#### Dataset section:
↓↓↓
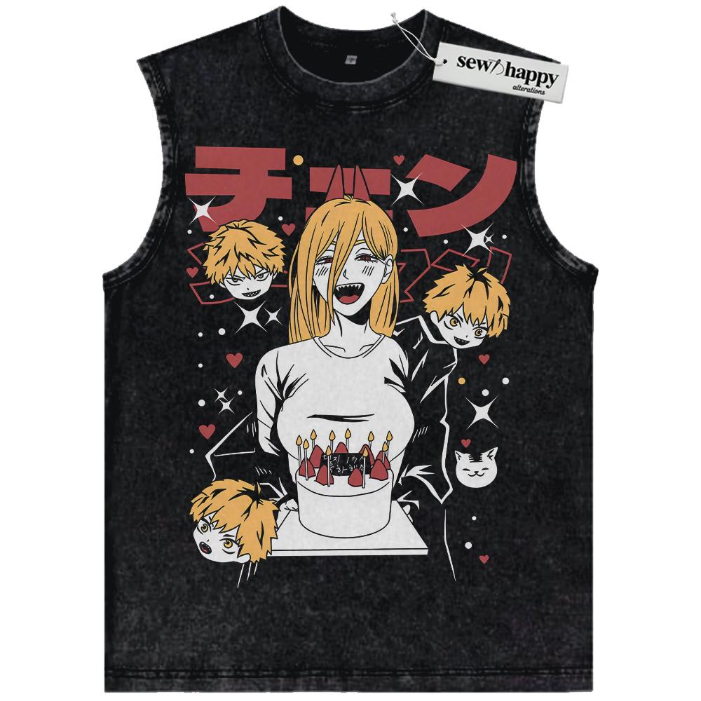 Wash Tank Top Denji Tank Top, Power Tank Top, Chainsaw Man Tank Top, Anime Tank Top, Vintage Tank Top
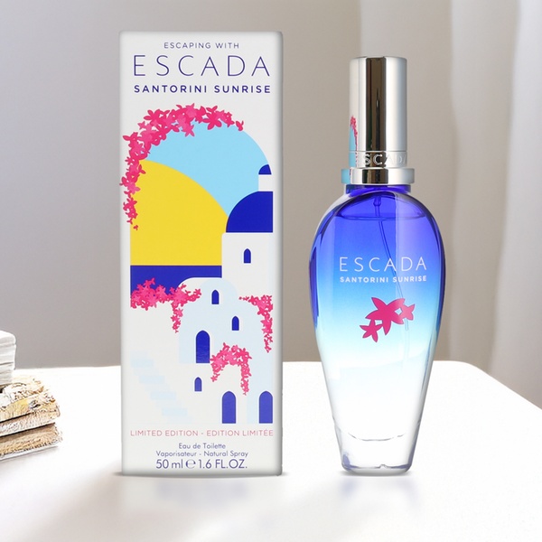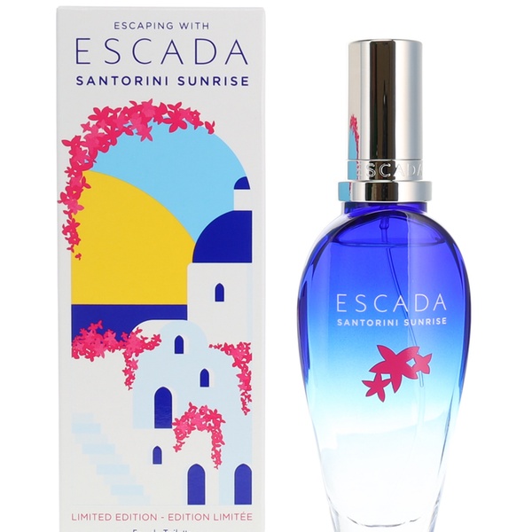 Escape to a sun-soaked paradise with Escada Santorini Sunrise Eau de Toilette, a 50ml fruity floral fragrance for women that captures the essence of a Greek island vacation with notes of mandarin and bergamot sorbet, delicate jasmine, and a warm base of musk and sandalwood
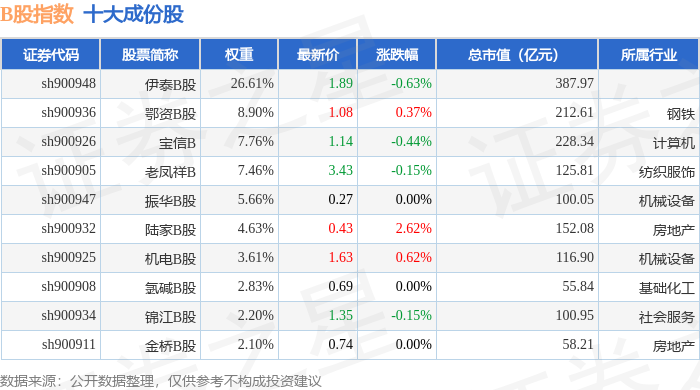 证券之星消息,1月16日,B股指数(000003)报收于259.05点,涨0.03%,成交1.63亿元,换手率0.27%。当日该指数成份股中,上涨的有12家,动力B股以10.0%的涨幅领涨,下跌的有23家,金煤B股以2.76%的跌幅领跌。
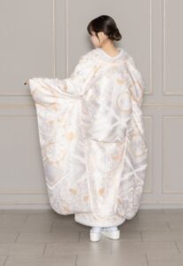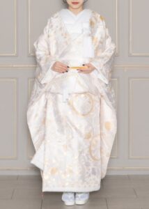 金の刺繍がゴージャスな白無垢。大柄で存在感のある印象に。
↑↑↑
#### Task:
Leaving the pictures out, output each line of the listing exactly.

#### Result of this task:
 Wash Tank Top Denji Tank Top, Power Tank Top, Chainsaw Man Tank Top, Anime Tank Top, Vintage Tank Top
 Escape to a sun-soaked paradise with Escada Santorini Sunrise Eau de Toilette, a 50ml fruity floral fragrance for women that captures the essence of a Greek island vacation with notes of mandarin and bergamot sorbet, delicate jasmine, and a warm base of musk and sandalwood
 证券之星消息,1月16日,B股指数(000003)报收于259.05点,涨0.03%,成交1.63亿元,换手率0.27%。当日该指数成份股中,上涨的有12家,动力B股以10.0%的涨幅领涨,下跌的有23家,金煤B股以2.76%的跌幅领跌。
 金の刺繍がゴージャスな白無垢。大柄で存在感のある印象に。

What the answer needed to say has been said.